Day 9: Visualization & Publication - Making Data Tell Stories
| Estimated Time: 4-6 hours | Difficulty: Intermediate | Prerequisites: Days 1-8 (Analyzed data ready) |
📚 Table of Contents
- Introduction
- Part I: Quick R/ggplot2 Overview
- Part II: Python Visualizations
- Part III: Specialized Tools
- Part IV: Interactive Visualizations
- Publication Guidelines
🎯 Introduction
You’ve generated amazing data. Now make it beautiful.
Why Visualization Matters
Bad visualization:
- ❌ Hides patterns
- ❌ Confuses readers
- ❌ Gets papers rejected
Good visualization:
- ✅ Reveals patterns instantly
- ✅ Tells compelling stories
- ✅ Makes papers memorable
Today’s Goal
Create publication-quality figures that journals accept and readers love.

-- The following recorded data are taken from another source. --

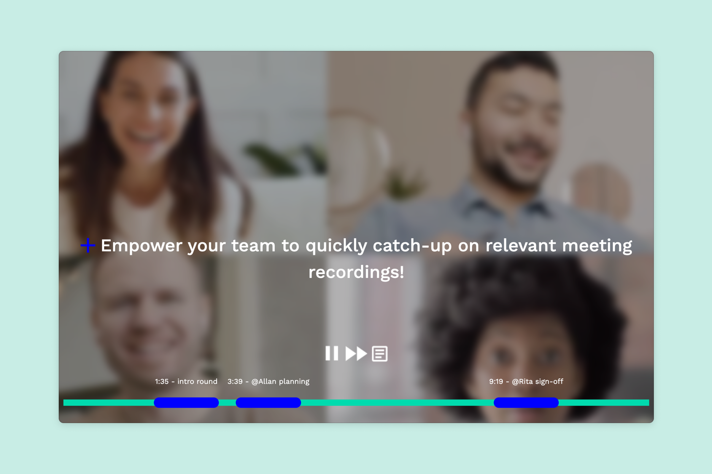 Sharing meeting recordings for people who couldn't attend is now a common async practice. The problem is, people rarely go back to watch a meeting recording. When they do, they have to wade through a lot of irrelevant information to get to the stuff that's relevant to them. That's where TL;DV comes in.
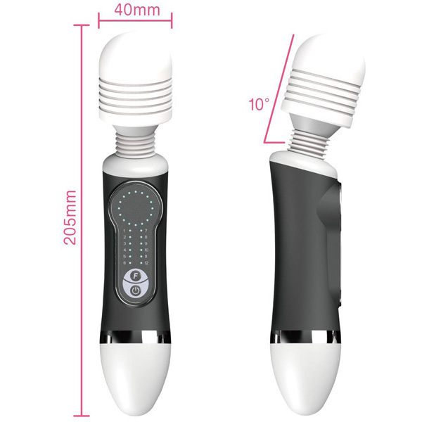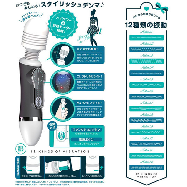 女性に嬉しい思いやり満載♪ポップにプレイを楽しめるコンパクト電マ。●黒×白のスタイリッシュなカラー●全長20cmほどの使いやすいサイズ●ヘッド部分は当てやすく10度傾斜●電源ON/OFFともにワンタッチ操作●Fボタンで12種類パターン切り替え●振動と連動する鮮やかライト機能●メンテナンスしやすい生活防水。1人でもラクラク操作できるカーブヘッド×操作しやすい小さめサイズ×暗い所でも使えるイルミネーション機能!満足必至な機能をたっぷり詰め込んだ優秀電マ。マッサージャーデビューにはもちろん、アレコレこだわる欲張りレディにオススメです。
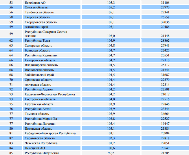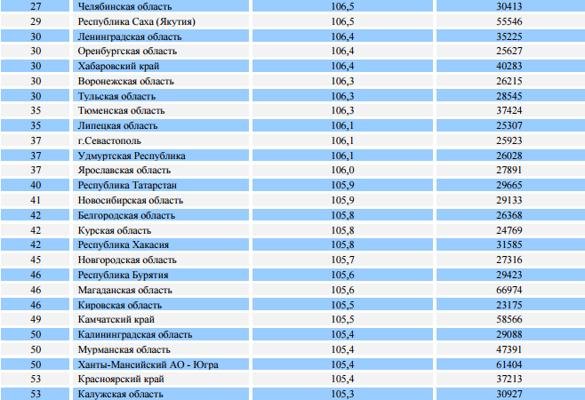 По размеру средней заработной платы Ульяновская область занимает девятое место в ПФО. Самый высокий уровень оплаты труда зафиксирован в Пермском крае (в среднем, 30,7 тыс. рублей) и Татарстане (30,4 тыс. рублей), самый низкий – в Чувашии (22,7 тыс. рублей).
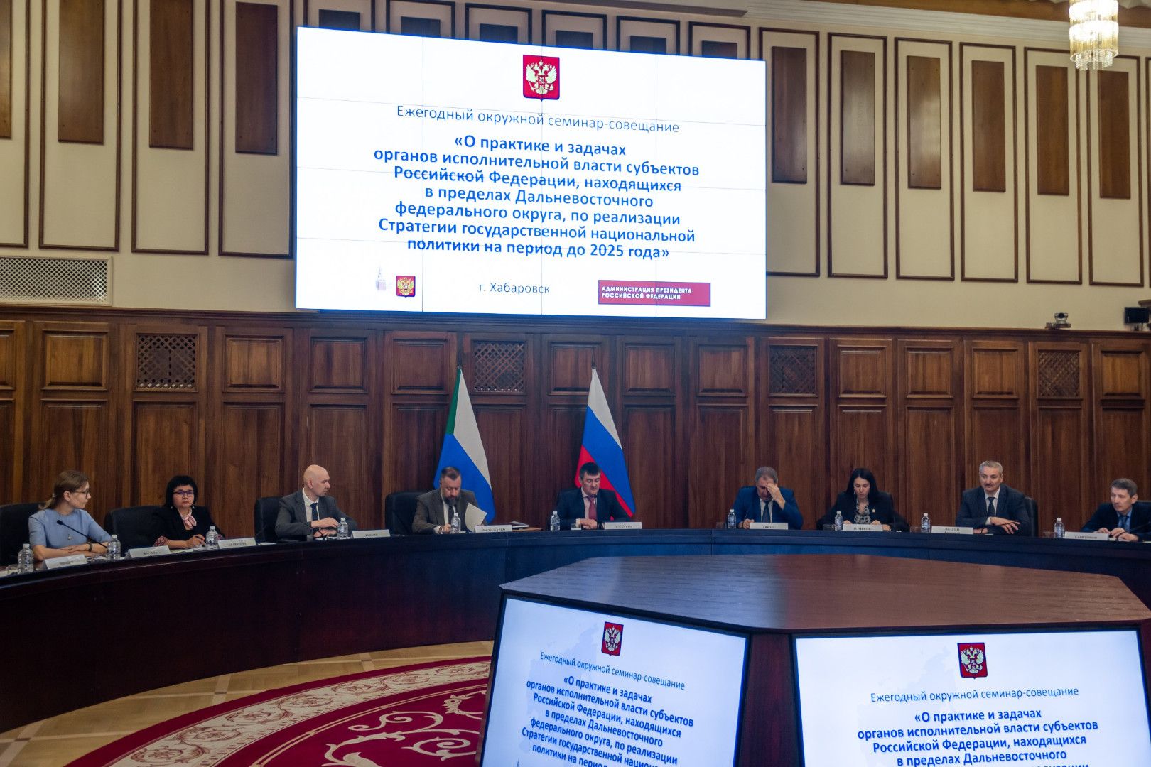 19 июня 2024 года в г. Хабаровске состоялся окружной семинар-совещание «Об итогах работы в 2024 году и задачах органов исполнительной власти субъектов Российской Федерации по реализации Стратегии государственной национальной политики Российской Федерации на период до 2025 года».

📊 Part I: Quick R/ggplot2 Overview
ggplot2 Basics
Quick example:
library(ggplot2)
# Abundance plot
ggplot(abundance_data, aes(x = Sample, y = Abundance, fill = Phylum)) +
geom_bar(stat = "identity") +
theme_minimal() +
labs(title = "Community Composition",
x = "Sample", y = "Relative Abundance (%)") +
theme(axis.text.x = element_text(angle = 45, hjust = 1))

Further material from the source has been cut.